Houle v. State

482 N.W.2d 24, 1992 WL 37493
CourtNorth Dakota Supreme Court
DecidedMarch 6, 1992
DocketCr. 910248
StatusPublished
Cited by33 cases

This text of 482 N.W.2d 24 (Houle v. State) is published on Counsel Stack Legal Research, covering North Dakota Supreme Court primary law. Counsel Stack provides free access to over 12 million legal documents including statutes, case law, regulations, and constitutions.

Bluebook
Houle v. State, 482 N.W.2d 24, 1992 WL 37493 (N.D. 1992).

Opinion

ERICKSTAD, Chief Justice.

Dennis Houle appeals from the order of the District Court for Burleigh County, denying his application for post-conviction relief. We affirm.
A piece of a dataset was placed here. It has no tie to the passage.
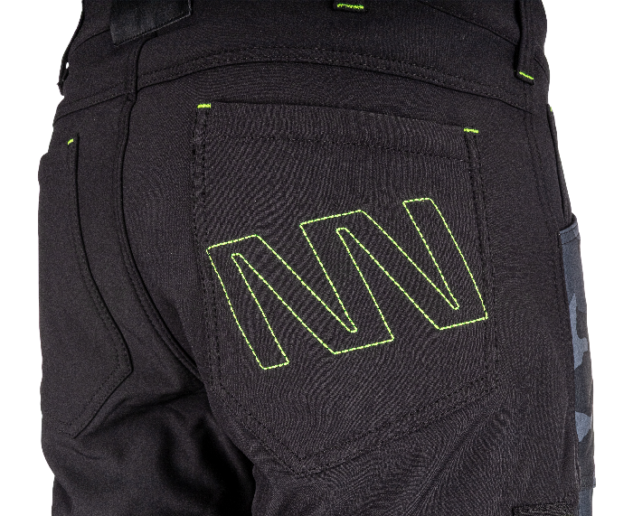 velmi pevný CORDURA 500D materiál odolný vůči prodření použit v oblasti kolen

On July 2, 1980, Houle entered pleas of guilty to the class C felony charge of burglary and the class AA felony charge of murder pursuant to a plea agreement. In accordance with the plea arrangement, Houle was sentenced to one year on the burglary charge and fifty years on the murder charge to run concurrently. On August 9, 1990, Houle, acting pro se, made various motions to the district court seeking, among other things, a writ of habeas corpus. In an application, dated October 20, 1990, Houle requested court-appointed counsel. On or about October 26, 1990, Rodney K. Feldner was appointed to represent Houle. On March 4, 1991, Houle, through his newly appointed counsel, applied for post-conviction relief pursuant to *25 section 29-32.1-01, N.D.C.C., 1 or, in the alternative, sought to withdraw his plea pursuant to Rule 32(d), N.D.R.Crim.P., 2 asserting, as a basis for such relief, ineffective assistance of counsel and the failure of the sentencing judge to advise Houle of the effective minimum sentence arising due to the parole ineligibility period. After a hearing held on July 11, 1991, the district court denied Houle’s application for post-conviction relief. This appeal followed.
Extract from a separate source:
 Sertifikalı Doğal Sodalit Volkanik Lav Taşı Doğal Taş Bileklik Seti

When a person seeks to withdraw a guilty plea under the Post-Conviction Relief Act (ch. 29-32.1, N.D.C.C.), the action is generally treated as a Rule 32(d), N.D.R.Crim.P., motion. State v. Boushee, 459 N.W.2d 552, 555-556 (N.D.1990). Accordingly, a withdrawal of a guilty plea is allowed when necessary to correct a “manifest injustice.” Id. at 556. “The determination of manifest injustice is ordinarily within the trial court’s discretion, and will be reversed on appeal only for an abuse of discretion.” Id. “An abuse of discretion occurs when the court fails to exercise its discretion in the interests of justice.” State v. Millner, 409 N.W.2d 642, 643 (N.D.1987).
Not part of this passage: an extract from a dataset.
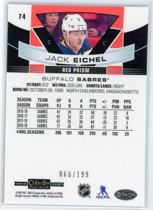 2019-20 O-Pee-Chee Platinum #74 Jack Eichel Red Prism /199

Although on appeal our standard of review remains whether or not the trial court abused its discretion, to help us in making this determination we may be required to review the trial court’s preliminary findings of fact. See generally State v. Saavedra, 406 N.W.2d 667, 669 (N.D.1987). We have previously noted that actions for post-conviction relief under chapter 29-32.1, N.D.C.C., are essentially civil in nature. Varnson v. Satran, 368 N.W.2d 533, 536 (N.D.1985). As such, a trial court’s findings of fact in actions for *26 post-conviction relief under chapter 29-32.1 will not be disturbed unless clearly erroneous pursuant to Rule 52(a), N.D.R.Civ.P. 3 Id.

In this case, Houle seeks to withdraw his guilty plea. “The longstanding test for determining the validity of a guilty plea is ‘whether the plea represents a voluntary and intelligent choice among the alternative courses of action open to the defendant.’ ” Hill v. Lockhart, 474 U.S. 52, 57, 106 S.Ct. 366, 369, 88 L.Ed.2d 203 (1985) (quoting North Carolina v. Alford, 400 U.S. 25, 31, 91 S.Ct. 160, 164, 27 L.Ed.2d 162 (1970)).

As a basis for withdrawing his guilty plea, Houle first asserts ineffective assistance of counsel. Specifically, Houle asserts that his defense counsel, Benjamin Pulkrabek, did not discuss with him the possibility of lesser-included offense instructions. In support of this assertion, Houle argues that he had nothing to lose in going to trial, and that he gained nothing of significance by pleading guilty. This is not true. Had he been convicted of murder, a class AA felony pursuant to section 12.1-16-01(1), he could have been sentenced to life imprisonment, or, had he been convicted of murder, a class A felony pursuant to section 12.1-16-01(2), he could have been sentenced to life imprisonment under section 12.1-32-09(l)(e) and (2), N.D.C.C., relating to extended sentences for dangerous special offenders.

The Sixth Amendment of the United States Constitution, applied to the states through the Fourteenth Amendment of the United States Constitution, and Section 12, Article I of the North Dakota Constitution guarantee criminal defendants the right to reasonably effective assistance of counsel. State v. Micko, 393 N.W.2d 741, 746 (N.D.1986). In assessing the alleged ineffective assistance of counsel, the United States Supreme Court has announced a two-part test. Strickland v. Washington, 466 U.S. 668, 104 S.Ct. 2052, 80 L.Ed.2d 674 (1984). Under the Strickland standard, a “defendant must show that counsel’s representation fell below an objective standard of reasonableness” and that the defendant was prejudiced by such ineffective representation, that is “there is a reasonable probability that, but for counsel’s unprofessional errors, the result of the proceeding would have been different.” Id., 104 S.Ct. at 2064, 2068.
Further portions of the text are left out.